Small Girl on Tablet, Never Heard Of These 10 Travel Tips

This girl could be watching you drop knowledge about Egypt while you’re standing in front of the Pyramids

10 Travel Tips You’ve Never Heard Before

1. Connect with a teacher or youth group where you live and arrange to send one or two-minute video recordings of your travels for their children and teens. Many are meeting on Zoom. Imagine them seeing you in Tulum or Bali, giving them a shout-out, sharing cultural knowledge, and encouraging them to be travelers. If you can time it right, Zoom live.

2. Go to the $1 store, and buy Match cars and Barbie or baby dolls (they come in all colors) to give to children you meet on your travels. Best to only offer the gift if parents are there to okay it.

3. Buy an instant camera and offer to take photos of local people you meet for them to have. Depending upon where you are, it could be a truly unique gift.
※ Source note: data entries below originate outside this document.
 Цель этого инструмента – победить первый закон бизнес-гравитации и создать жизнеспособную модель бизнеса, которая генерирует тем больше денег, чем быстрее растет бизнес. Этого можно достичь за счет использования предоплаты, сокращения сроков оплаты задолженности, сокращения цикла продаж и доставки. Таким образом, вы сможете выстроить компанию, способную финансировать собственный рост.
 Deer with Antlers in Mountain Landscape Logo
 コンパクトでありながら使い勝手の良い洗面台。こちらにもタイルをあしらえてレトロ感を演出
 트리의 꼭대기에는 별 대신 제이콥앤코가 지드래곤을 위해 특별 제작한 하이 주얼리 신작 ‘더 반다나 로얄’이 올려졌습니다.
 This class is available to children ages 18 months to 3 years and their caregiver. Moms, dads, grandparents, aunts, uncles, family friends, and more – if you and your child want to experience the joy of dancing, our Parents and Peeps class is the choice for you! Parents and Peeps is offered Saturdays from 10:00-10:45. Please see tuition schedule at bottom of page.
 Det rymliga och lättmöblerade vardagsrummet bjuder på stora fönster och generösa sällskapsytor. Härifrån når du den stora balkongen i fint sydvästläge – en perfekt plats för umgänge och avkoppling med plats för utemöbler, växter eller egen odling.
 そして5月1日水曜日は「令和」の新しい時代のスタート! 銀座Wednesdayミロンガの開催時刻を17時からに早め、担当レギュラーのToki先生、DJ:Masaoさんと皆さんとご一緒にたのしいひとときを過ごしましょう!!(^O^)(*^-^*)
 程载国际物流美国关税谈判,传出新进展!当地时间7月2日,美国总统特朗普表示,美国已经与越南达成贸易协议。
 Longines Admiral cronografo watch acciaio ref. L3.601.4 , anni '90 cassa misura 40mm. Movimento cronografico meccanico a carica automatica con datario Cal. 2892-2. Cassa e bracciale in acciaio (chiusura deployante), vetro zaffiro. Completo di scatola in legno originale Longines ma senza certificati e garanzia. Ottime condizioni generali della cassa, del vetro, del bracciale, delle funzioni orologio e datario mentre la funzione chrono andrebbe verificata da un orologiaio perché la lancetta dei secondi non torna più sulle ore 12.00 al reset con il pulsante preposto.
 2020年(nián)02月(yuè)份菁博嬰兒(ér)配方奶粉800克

4. Find out if the country you’re traveling to has a health app or website with regular updates on Covid numbers, health protocols, and restrictions. It might be an app of the country’s health ministry or one developed by the tourism bureau. For example, Belize has one that visitors are mandated to download before arrival.

5. Designate a text buddy back home, preferably a night owl depending on the time zone. If you’re going out alone or sightseeing for the day, and especially if you’re a woman traveling alone, text a friend when you leave the hotel. Ahead of time, agree that if you don’t text back at an appointed time, she’s to start phoning the hotel, and contacting authorities. Set an alarm on your phone or call your own room and leave a voicemail as a reminder to text her when you get back to the hotel.
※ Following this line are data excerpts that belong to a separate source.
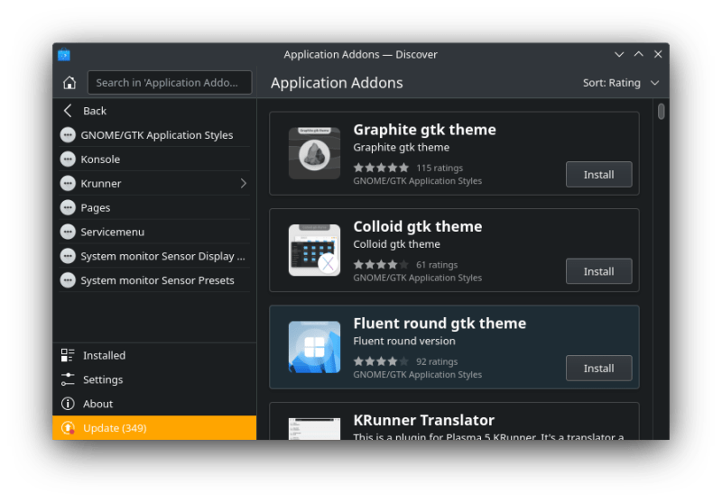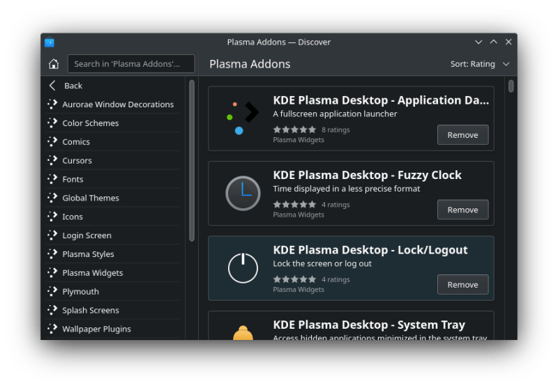 不像 GNOME 从浏览器中添加扩展的那种不方便的方式(使用另一个浏览器扩展),你可以使用“发现”软件中心直接访问 KDE 的附加组件。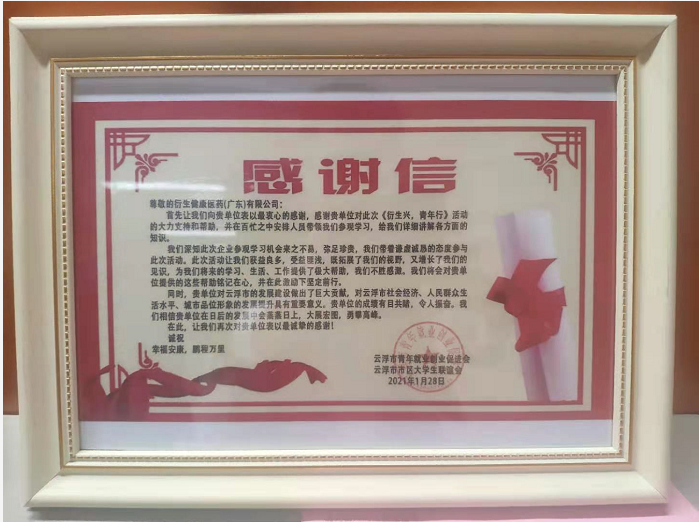 云浮市市區(qū)大學(xué)生聯(lián)誼會(huì)贈(zèng)予衍生健康醫(yī)藥感謝信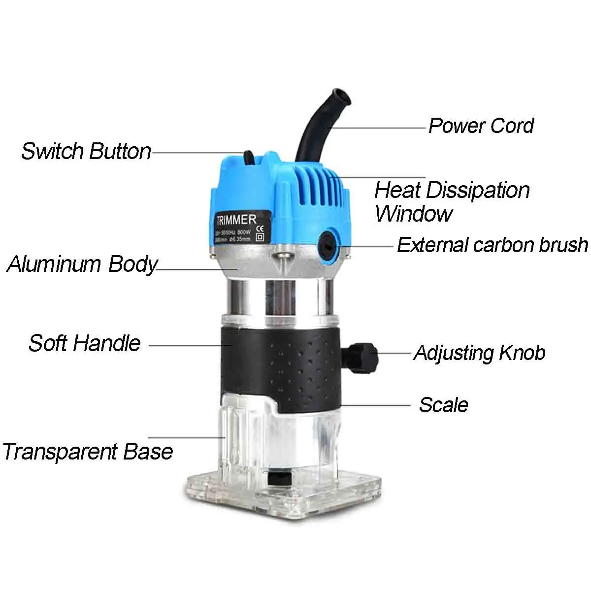 Особенности:-Медный двигатель, сильная мощность, низкое тепло-Алюминиевый чехол для корпуса, прочный, водонепроницаемый и пылезащитный-Покрытый резиной ручкой, удобно держать и легко управлять-Прозрачное основание, четкое управление, точное управление-Стальной патрон, более плотный зажим и легкая замена-Одно касание тумблер для легкого открытия и закрытия-Внешняя углеродная щетка, легко заменить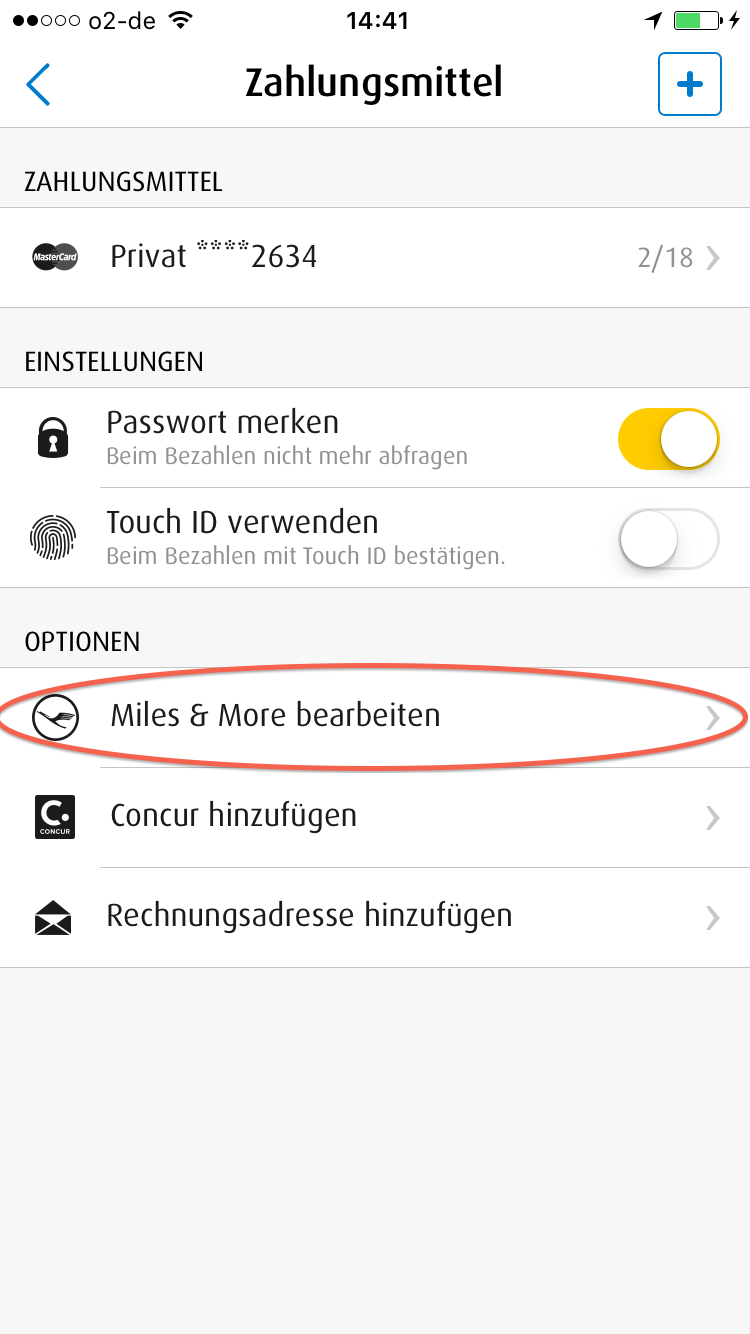 Und dort auf Miles & More Nummer bearbeiten. Hier könnt Ihr einfach Eure Miles and More Nummer eintragen und erhaltet anschließend für jede Fahrt Prämienmeilen.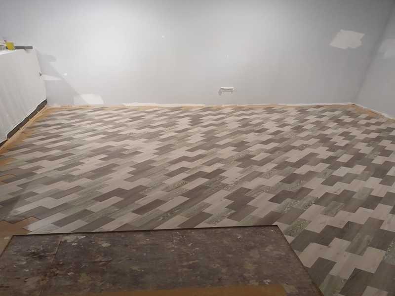 Client: Private Residence in Kilburn. Brief: To supply & install Amtico Spacia Sun Bleached Oak luxury vinyl flooring in herringbone

6. Locate kinship groups when you travel abroad. Before her trips, a friend googles “African Americans in Tokyo” or “African Americans in Bogota.” Usually, she’ll find a blogger or an ex-pat willing to have coffee and give her the lay of the land. Once, she hung out in a club with members of “The African American Friendship Association of Tokyo.” Another time, a group of black ex-pats in Mazatlan took her for karaoke and invited her over to watch an NFL game.

7. Before a trip with a companion, pack half your clothes in your own suitcase and half in your travel mate’s suitcase. Have your companion do the same, packing half in yours and half in his or her own. That way, if an airline loses either of your bags, you’ll both have clothes to wear.

8. Ask flight attendants for restaurant recommendations. Of all the people who know the best places to eat, it would be the folks who’ve been to that city a zillion times. But wait until mid-flight and after the meal service, when they’re not busy with passengers.

9. Tip your housekeeping maids the first day, and remember that they’re someone’s mother, sister, father, or brother. Include a note of encouragement. Use Google Translate to put these words in the local language: “I appreciate your work, and I hope you have a great day.” You will probably get better service for your stay. But more importantly, you’re telling people who rarely thought about it, “I see you.”

10. Make a big show of being angry when getting money at an ATM. Cuss, rip up the receipt, stomp your foot. You’re signaling that you weren’t able to get money, even though you did, and indicating that you’re nobody’s pushover, especially if you’re a woman. Why would they try to accost someone who looks like they’d punch an ATM?

Bet you Never Heard Of These 10 Travel Tips.